- Born: Charles Stevan Key
- Education: Mills College (MFA)
- Occupations: Pornographic film producer, director
- Known for: Founder of Treasure Island Media

= Paul Morris (producer) =

American pornographic film director

Charles Stevan Key, better known as Paul Morris, is the owner of Treasure Island Media, a San Francisco, California-based gay pornography studio that specializes in bareback pornography.

==Career==
Before being a pornographer, Morris studied composition. He holds an MFA in Electronic Music from Mills College. He has studied with Robert Ashley, Philip Corner, Grosvenor Cooper, Terry Riley, and Lou Harrison.

Morris started Treasure Island Media, naming the business after his favorite childhood book (Treasure Island). In 1998, he filmed Raunch Lunch. Alongside his own videos, Morris has expanded the studio to release videos directed by Damon Dogg, Max Sohl, Liam Cole, and the Mecos group in Mexico City, and independently produced videos by Swiss members of the Dark Sun Collective.

He is known to be a patron of independent filmmakers and has supported work by Rankin Renwick, Bill Daniel, Todd Verow, Daniel Rabinowitz, Lee Krist, Ryan Sullivan and others. He has also funded projects by San Francisco's Artists' Television Access. He was a primary producer of Todd Ahlberg's film, Meth, a feature-length documentary on drug abuse among gay men.

In October 2007, Morris's Treasure Island Media (TIM) won the prize for Best US Studio at the DAVID Awards in Berlin. This caused controversy as TIM produces bareback films, filmed without a condom, causing Titan Media founder Bruce Cam to decline a Lifetime Achievement Award at the same event.

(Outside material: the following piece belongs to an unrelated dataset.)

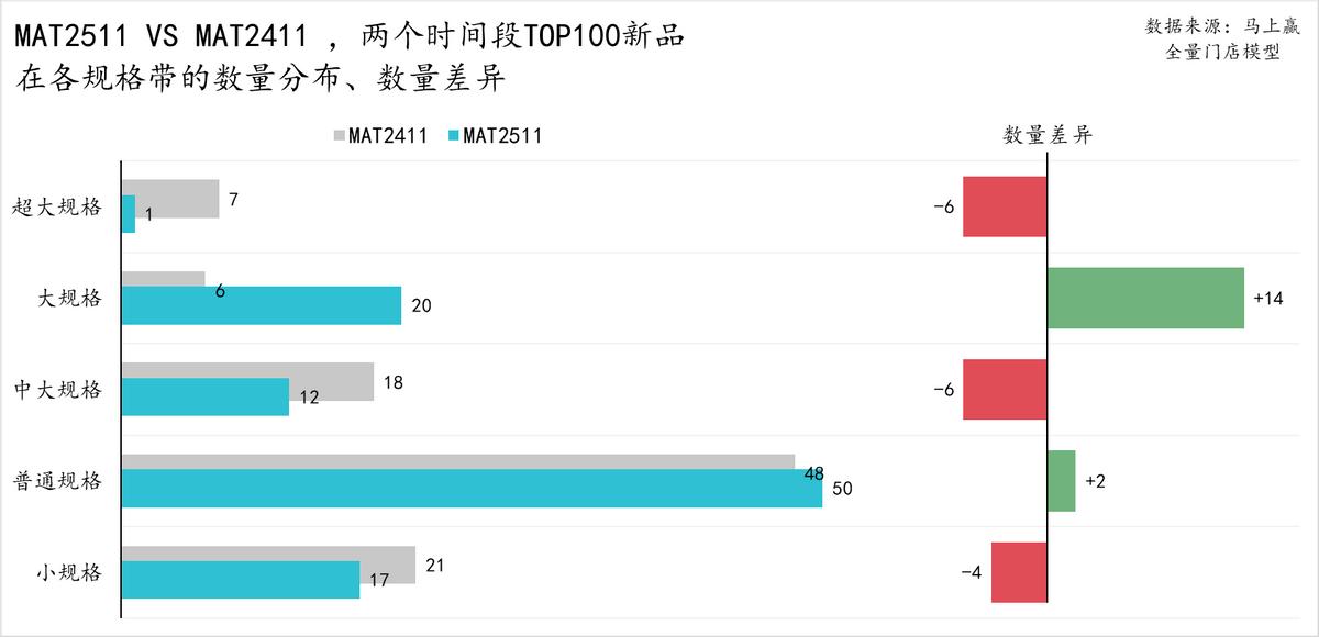 在规格带分布上,我们将所有TOP100新品的规格进行了区间落位,共分为5个区间对应不同的主流消费场景,各区间的范围为:小规格(0-399ml)、普通规格(400ml-699ml)、中大规格(700ml-999ml)、大规格(1000ml-1999ml)、超大规格(2000ml+)。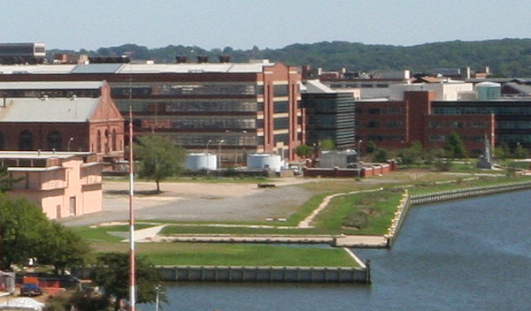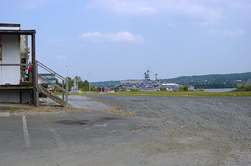 Standing south of the axis of Fourth Street, looking east toward the Navy Yard and the Display Ship Barry, in 2005. (8/6/05)

In 2008, Morris received a Best Director Golden Dickie Award for "What I Can't See 2" (which also won Best Video) from Rad Video and Treasure Island Media received the most awards of any adult company including Best Studio.

Morris and his company have been repeatedly banned from consideration for most adult industry awards and events. In July 2009, it was announced that Treasure Island Media had been banned from participating in both The Folsom Street Fair and Dore Alley in San Francisco, and also International Mr. Leather in Chicago. When asked for his opinion on winning awards, Morris states, "I don't pay attention to those things. Prizes are for kids. I'm a grown-up now."

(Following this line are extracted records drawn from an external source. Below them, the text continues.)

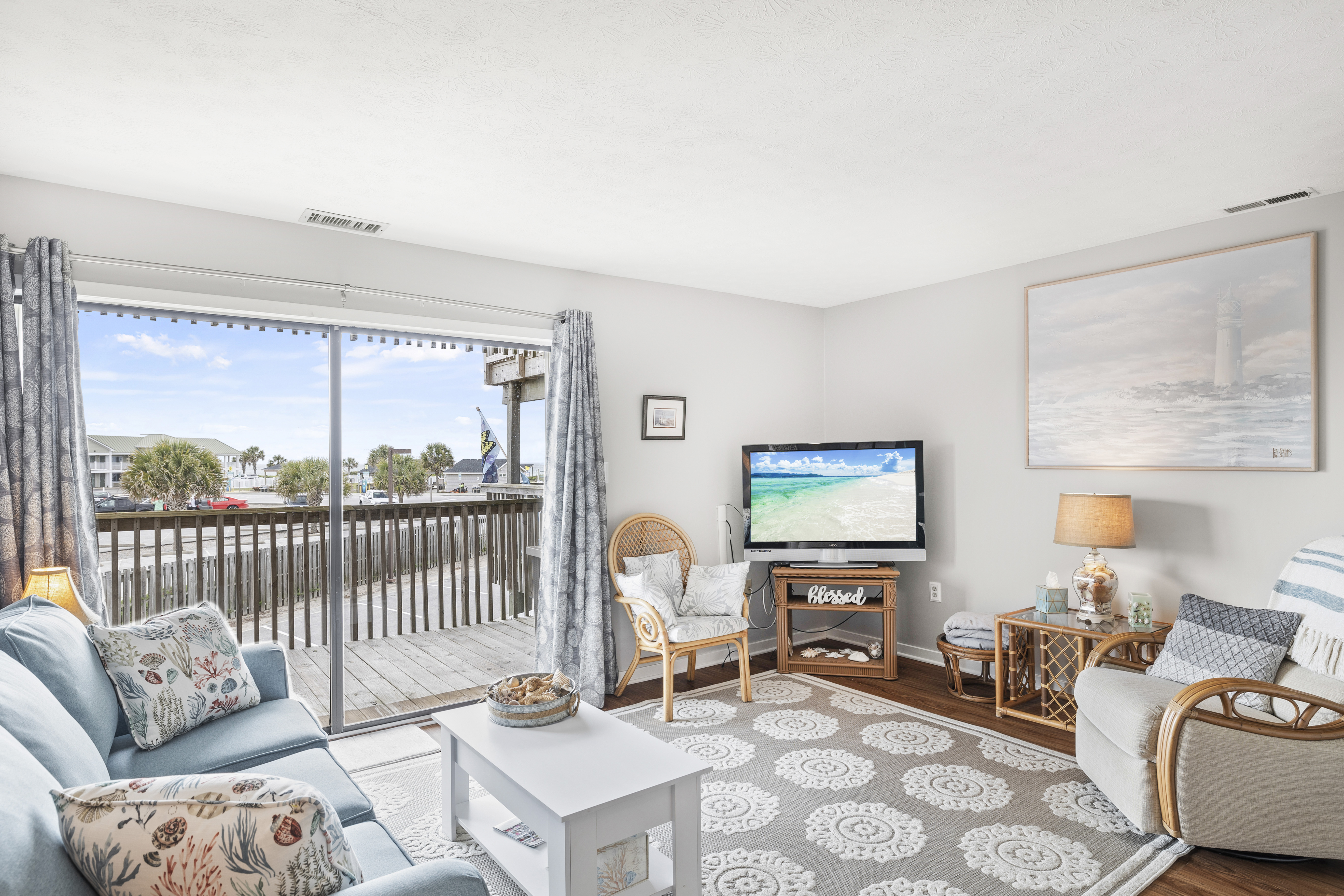 Queens Court 3102 is a 1 Bedroom, 1 Bath First Floor Angled Oceanview Condo. Living Area has a Queen Sleeper Sofa (Linens are NOT Provided for Sleeper Sofa) and a private Covered Deck with furniture. Bedroom has a King Bed.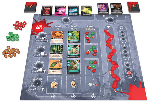 Building your new Order will involve managing a continuously evolving hand of vampire cards at your command, sending them throughout the city to visit Locations, perform arcane Rituals, bewitch Victims, and recruit new vampires, all over the course of 9 rounds (Days). All of these activities take the form of cards activated by your Order Tokens on the board, allowing you to amass critical resources, perform useful actions, and earn Victory Points.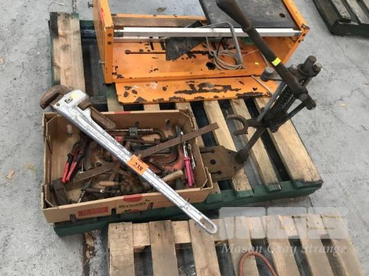 ASSORTED CLAMPS, PIPE WRENCH, BENCHTOP DRILL PRESS FRAME, ETC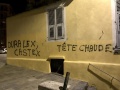 On se souvient que lors du tout premier confinement, des tags similaires étaient déjà apparus sur un des murs du collège Simon Vinciguerra (lire ici). On retrouve d’ailleurs une des inscriptions quelque peu similaire : « Distançons nous d’un maître » qui s’est transformé en « Distancez-vous d’un > maître » accompagné cette fois non plus d’une attaque de pangolin mais d’un « Fuck 5G ». Difficile de deviner une quelconque signature commune à tous ces tags, à moins que « tête chaude » en soit une ? Quoi qu’il en soit, ces nouveaux graffiti sont une affaire à suivre…dans les rues de Bastia et les auteurs vont peut-être s'inspiré des nouvelles annonces gouvernementales. Et donner un peu plus de travail aux employés municipaux.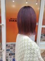 白髪ぼかしで前々回にハイライト&ブリーチ全体的にしているので、黄色を消しつつ明るめのピンクカラーにしました。R-JPNのオイルケアをしながらカラーしています。頭皮が荒れてカラーが心配な方も相談ください。
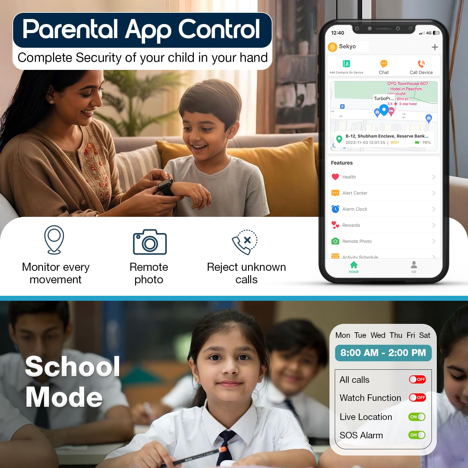 • [Parent Control App] : Full parental control at your fingertips! Enable class mode, disable selected functions, or lock the watch screen remotely. Keep distractions away during school hours while ensuring your child’s digital safety.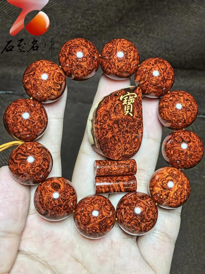印度小葉紫檀手珠【珍奇】 老料瘤疤 18mm×13顆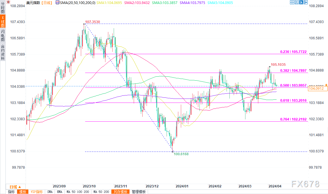 美元指数阻力位出现在104.70,然后是阶段高点105。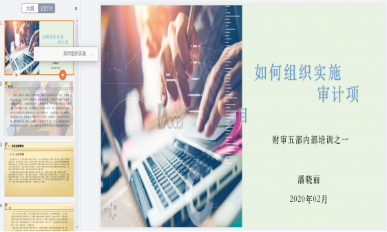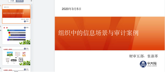 經(jīng)與質(zhì)控部于維嚴(yán)老師溝通,程余《高校審計案例分析總結(jié)》、潘曉麗《如何組織實施審計項目》、張新革《組織中的信息場景與審計案例》以及王若鷗《聯(lián)通公司竣工決算審計》四個課題被推薦到釘釘中天恒大講堂進行所內(nèi)宣講。

In his article "Unbecoming: Pornography and the Queer Event", Tufts University professor Lee Edelman discussed the role of Morris's pornography as work that "hopelessly heralds the future" of what Edelman calls the "posthumanous". In this function, Edelman wrote, Morris' pornography is similar to the film works of both Pier Paolo Pasolini and Michael Haneke.

In May 2014, Morris gave his first phone interview in almost ten years to Australian journalist, Toby McCasker, on the topic of HIV as seen in the Treasure Island picture, Viral Loads.

Morris has co-published academic articles with porn studies scholar Susanna Paasonen in GLQ: A Journal of Lesbian and Gay Studies and The Oxford Handbook of Sound and Image in Digital Media.